Wie der Streit um die Besetzung des Postens des EU-Kommissionspräsidenten bereits anschaulich dokumentiert, scheren sich die Regierungschefs wenig um institutionelle Gepflogenheiten und Regelungen, wenn ihnen das damit vorgegebene Ergebnis missfällt. Es ist daher meiner Ansicht nach nur eine weitere Illusion, dass fragile europäische Institutionen kontroverse Entscheidungen besser regeln können. Wie die Drohung Großbritanniens, aus der EU notfalls auszutreten , bereits zeigt, ist die Autonomie des Landes David Cameron wichtiger als die Unterordnung unter einem institutionellen Rahmen der EU. Die Hoffnungen, die Institutionalisten in die Reform der EU setzen, könnten sich daher rasch als Luftschloss erweisen.
Statt rasch nach Ausbruch der Finanzkrise die Bankensanierung auf nationaler Ebene sofort voranzutreiben und insolvente Banken abzuwickeln, hat die Politik die Zombiebanken immer weiter mit Geld durch die EZB zu versorgen, dazu geführt, dass ein Attentismus eingetreten ist, weil man eben darauf spekuliert durch die Kollektivhaftung in der Bankenunion billiger aus der Angelegenheit herauszukommen.
Es wundert daher nicht, dass einige Beobachter japanische Verhältnisse in Europa diagnostizieren. Dort wurde auch die Konsolidierung des Finanzsektors über mehr als ein Jahrzehnt verschleppt und hat damit maßgeblich zur langandauernden Stagnation der japanischen Wirtschaft und eine explodierende Staatsverschuldung beigetragen.
Die unorthodoxe Geldpolitik der EZB
Hat die EZB mit ihrer Geldpolitik die Währungsunion gerettet? Zweifel sind angebracht. Man hat es den Regierungen ermöglicht die Konsolidierung des Finanzsektors auf nationaler Ebene nicht voranzutreiben, da man ja die EZB in der Rolle des lenders-of-last-resort zusammen mit dem EFSF und dem ESM kostengünstiger in Anspruch nehmen konnte.
Dass eine solche Politik kumulativ steigende Lasten mit sich bringt, wird dabei geflissentlich unter den Teppich gekehrt.

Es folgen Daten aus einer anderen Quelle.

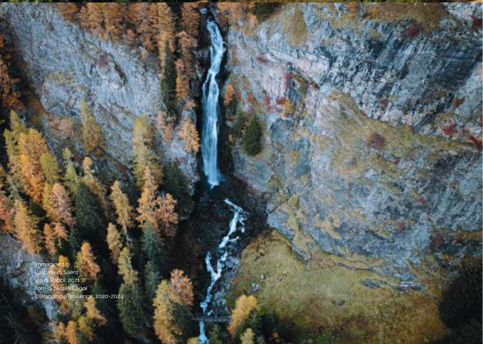
Immagine 19 Cascate di Saent Val di Rabbi, 2021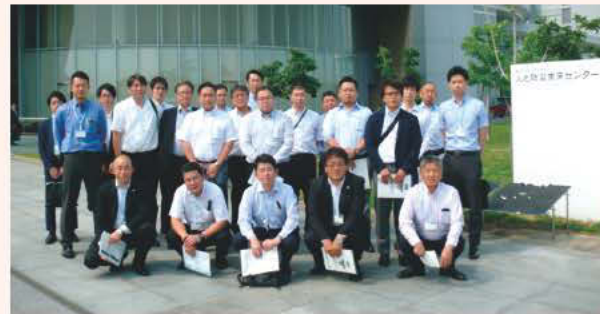
人と防災未来センターにて(神戸市)

All diese uneinbringlichen Forderungen müssen ja mit Zins und Zinseszins in die Zukunft fortgeschrieben werden. So muss die Fed in den USA bereits verkünden, dass man auf Jahre hinaus die gewaltig aufgeblähte Bilanz wohl aufrechterhalten müsse, da es keine realistische Chance gibt, die Papiere ohne erhebliche Wertberichtigungen zurück in den Finanzmarkt zu schleusen. Es ist letztendlich das Eingeständnis, das die Politik von Ben Bernanke ein toxisches Erbe hinterlassen hat. Eine Bilanzbereinigung ist aber wegen der dann fälligen Verluste und der Notwendigkeit einer Rekapitalisierung der Fed unerwünscht. Also schleppt man die Lasten weiterhin in die Zukunft. Die Fed ist de facto bereits jetzt eine Zombiezentralbank. Allerdings führt die Bilanzschwäche der Notenbanken dazu, dass man im Falle einer erneuten schweren globalen Finanzkrise weitgehend handlungsunfähig sein wird. Noch einmal kann man nicht einen so gewaltigen bail-out stemmen.

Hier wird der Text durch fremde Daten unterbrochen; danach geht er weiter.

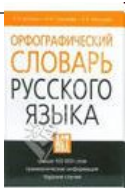
Орфографи- ческий словарь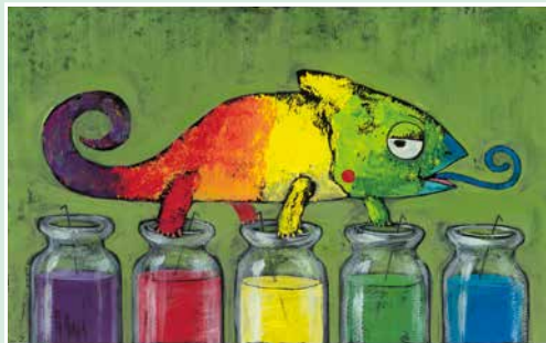
カメレオンのかきごおりや 2020年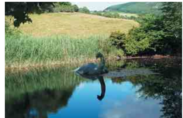
А если так?

Лох-Несс вдоль и поперёк, но никакого монстра так и не обнаружили. А врач Уилсон, автор самой знаменитой фотографии Несси, в конце концов признался в том, что снимок – обычная подделка.

Trotzdem führt dieses Risiko nicht zur Einsicht bei den Akteuren der Großbanken vorsichtiger zu operieren. Man tanzt weiter solange die Musik auf dem Börsenparkett spielt und versucht nebenbei seine Schäfchen rechtzeitig ins trockene zu bringen. Es ist eben eine Politik des l’après moi, le deluge. Die Flut kam in Frankreich in Form der französischen Revolution. Ludwig der XV wusste also was er sagte. Nur verhindert hat er die Katastrophe nicht.

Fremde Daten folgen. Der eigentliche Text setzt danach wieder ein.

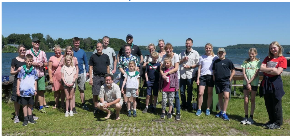
Samlet opstilling ved Furesøbadet i Farum. 2020

Gruppegåtur er hyggeligt samvær, og ruten er flot og rig på oplevelser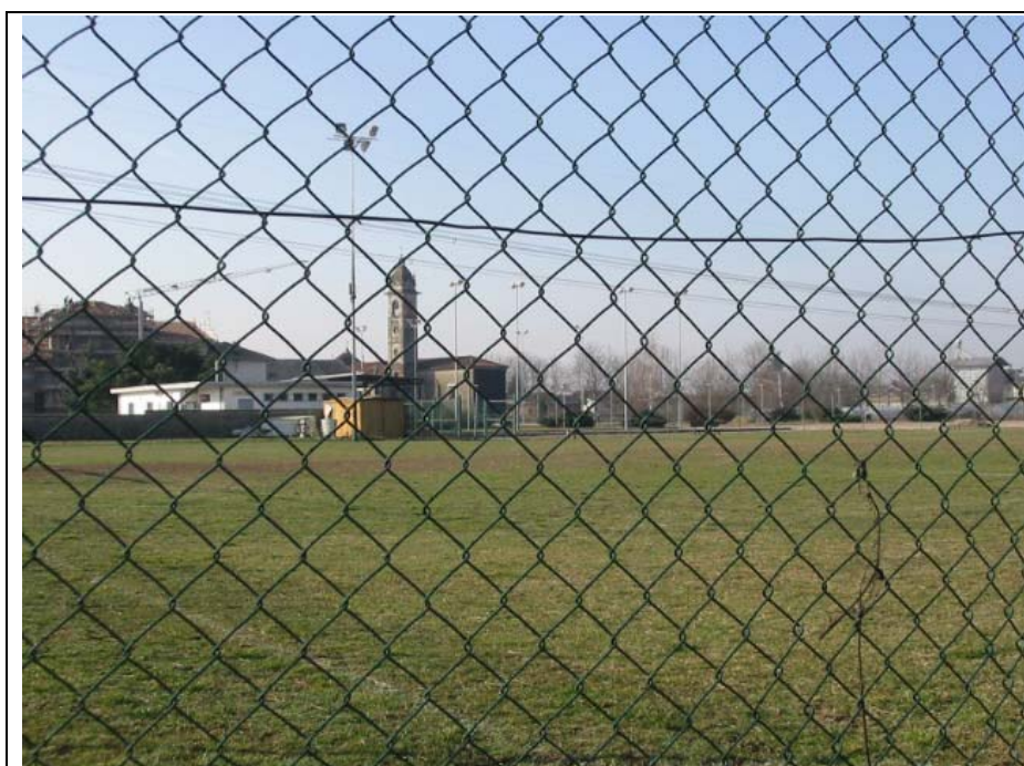
Foto n.6 Area per attrezzature sportive in via Valsesia

Wenn aber zu hohen Buchwerten zu niedrige Realwerte gegenüber stehen, ist die Richtung der Korrektur am Ende klar. Die Buchwerte werden sich den Realwerten anpassen müssen. Diesen Vorgang kann man dann Vermögensabgabe, Schuldenschnitt oder Inflation bzw. Hyperinflation nennen. Jede dieser Ausprägungen ist jedoch alles andere als eine weiche Landung. Es ist ein Schock. Nur Deflation ist es nicht. Be prepared.